Sugiono menambahkan, dalam pertemuan tersebut muncul kesadaran bersama di antara negara-negara ASEAN mengenai pentingnya membangun kawasan yang tangguh atau resilient, khususnya dalam bidang energi dan pangan. Ia menyebut penguatan ketahanan energi dan pangan sejalan dengan program prioritas pemerintahan Presiden RI Prabowo Subianto.
"Dan saya kira ini juga sesuatu yang sudah menjadi sejak awal program dari pemerintahan yang dipimpin oleh Presiden Prabowo di mana ketahanan energi dan ketahanan pangan merupakan hal yang paling mendasar yang harus dipenuhi oleh sebuah negara, yang harus dipenuhi oleh negara kita," ungkapnya.
"Oleh karena itu beliau meluncurkan berbagai program pemerintah sehingga syukur alhamdulillah kita sudah suasembada beras dan program-program akselerasi kita ke energi alternatif itu harus dipercepat. Karena kita sadari bersama sesuatu ataupun perang yang terjadi di sebuah kawasan yang jauh dari kita dengan cepat akan langsung berimbas kepada perikehidupan masyarakat di kawasan kita dan inilah yang dirasakan oleh seluruh negara-negara ASEAN," lanjutnya.

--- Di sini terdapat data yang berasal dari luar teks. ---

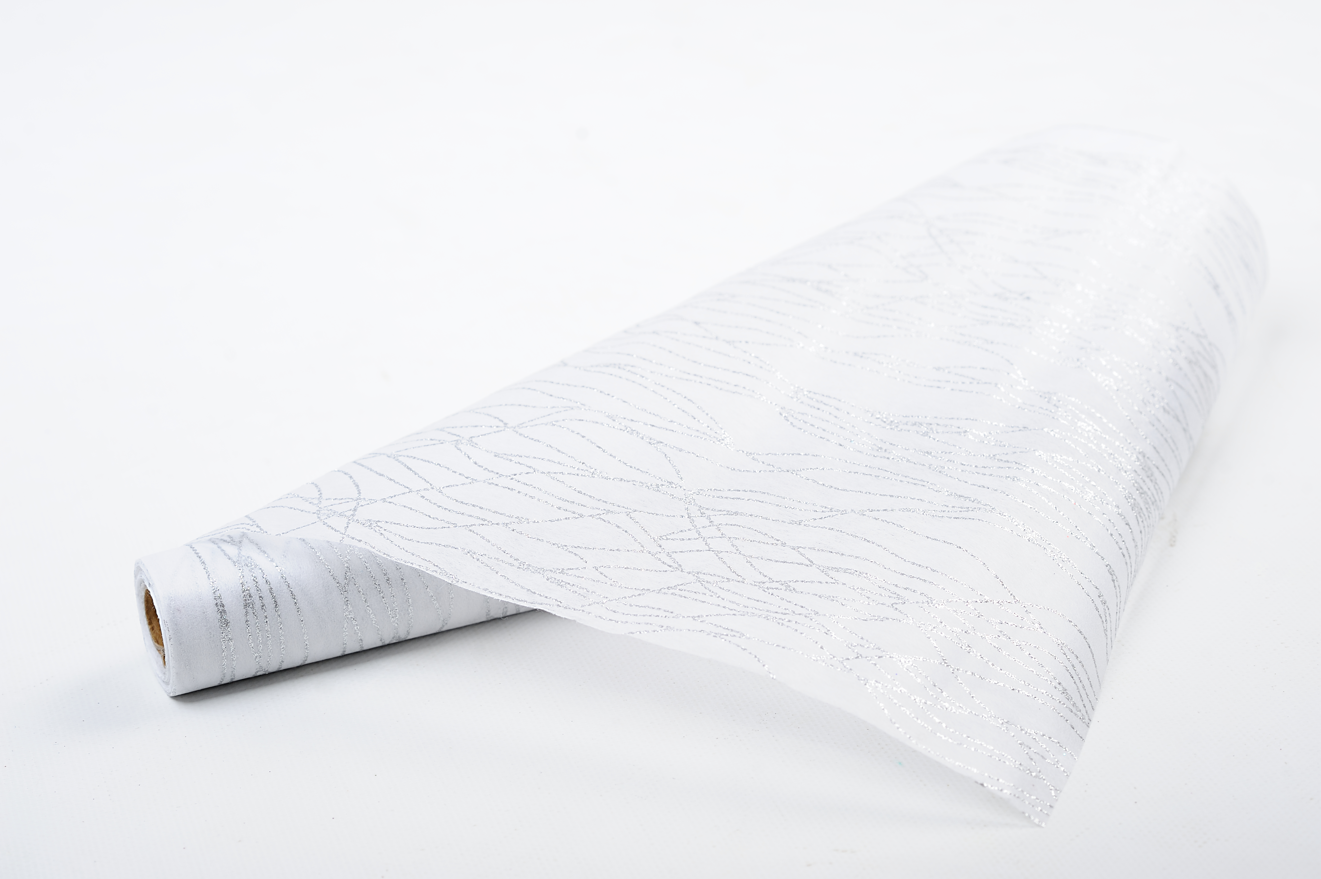 Bílý 37,5 cm široký vlizelín s krásnou glitrovanou vlnkou na roli. Nejen k vánoční dekoraci a aranžmá. prečítať celé

Dalam pertemuan tersebut, ASEAN juga menghasilkan sejumlah kesepakatan strategis sebagai tindak lanjut penguatan ketahanan kawasan, di antaranya ASEAN Petroleum Security Agreement serta ASEAN Plus Three Emergency Rice Reserve (APTERR).
"Ada beberapa deliverable terkait dengan hal itu diantaranya ASEAN Petroleum Security Agreement yang disepakati kemudian juga APTERR (ASEAN Plus Three Emergency Rice Reserve) yang kemudian menjadi deliverable dari pertemuan-pertemuan ini," pungkasnya.